After verification, the staging pipeline's validated changes are promoted to production. The production pipeline remains the authoritative data source for the REVREC integration; the staging pipeline is a verification sandbox.

Six-step testing strategy — mechanisms and numbers

Step 1: Staging Pipeline Setup

  • Configuration: "a separate data pipeline configuration, referred to as the staging pipeline, in parallel with the production pipeline."
  • Data source: production data (not dev data).
  • Output substrate: AWS Glue tables (not Redshift).
  • Query path: Redshift Spectrum queries Glue tables directly — "immediately after the reports were generated."
  • Key discipline: "the production pipeline and its data were left untouched until the new changes were verified." Staging mutates, prod doesn't.

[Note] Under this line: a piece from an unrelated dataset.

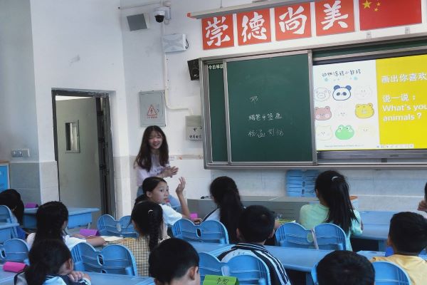 开始上课后,邓思佳要求同学们先进行自我介绍,增进了同学与老师以及同学之间的感情。接着,邓思佳正式介绍此次课程“蜡笔牙签画”。邓思佳提出了“最喜欢的小动物”和“我眼中的尚宇中学”两个话题让同学们讨论,同学们发表了自己的想法和观点。讨论结束,同学们充分发挥想象力,用彩色蜡笔在画纸上画出了自己最喜欢的小动物或者自己眼中的尚宇中学,然后在邓思佳的指导下用黑色蜡笔和牙签进一步完善自己的画作。

Step 2: Test Data Generation

  • Problem named: "the different edge cases that occur in production could not be covered during dev testing. This was discovered when the data pipeline was executed in production for the first time."
  • Workflow: edge case discovered in staging integrity check → new synthetic data point added to dev environment to replicate it.
  • Named constraint: "the large number of database tables required as input to the pipeline made this process very tedious as it involved manual creation of data points."
  • Future work flagged: automate test-data creation.

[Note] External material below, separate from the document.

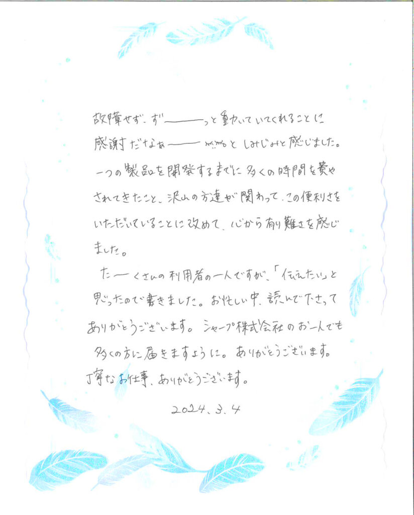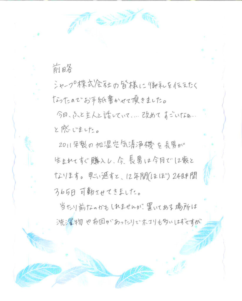 ある日、加湿空気清浄機に関する一通の手紙が届きました。

Step 3: Data Integrity Checkers

  • What they compare: pipeline-produced revenue contract data (including estimated revenue) vs billing-system billed revenue.
  • Four named metrics:
    • Contract → invoice match rate (target: 99.99%).
    • Discount invoice mismatch count (measure discount application accuracy).
    • Contract lines with no equivalent invoice (recognise manually-billed products).
    • Duplicate or past contract lines (no dedup violations or stale entries).
  • Monthly check: SQL over Redshift tables comparing billing-system monthly close against contract pipeline output. Sample output shape (redacted):
---- Metrics ----
Number of contracts reviewed: 100000
Gross Revenue:  xxxx
Net Revenue:  xxxx

Number of contracts matching both gross & net:  99799
Number of contracts with mismatch discount: 24
Number of contracts with mismatch gross revenue:  6
Number of contracts with no equivalent invoice:  1
Number of invoice with no equivalent contract:  10

Line match %: 99.997
Net revenue mismatch difference:  1883.12

The 99.997% match rate shown in the example is above the 99.99% target. - Daily check: SQL over staging-pipeline output via Redshift Spectrum on Glue tables. Lighter metric set:

---- Metrics ----
number of contracts with negative revenue:  0
number of contracts passed or expired:  28
number of contracts with unknown program:   0
number of contracts missing parent category:   66

Daily checks surface implementation-level bugs fast — discrepancies are investigated + fixed + rerun same day. - Iteration discipline: "determining the right SQL queries was done iteratively, accounting for different edge cases based on the variety of products offered at Yelp."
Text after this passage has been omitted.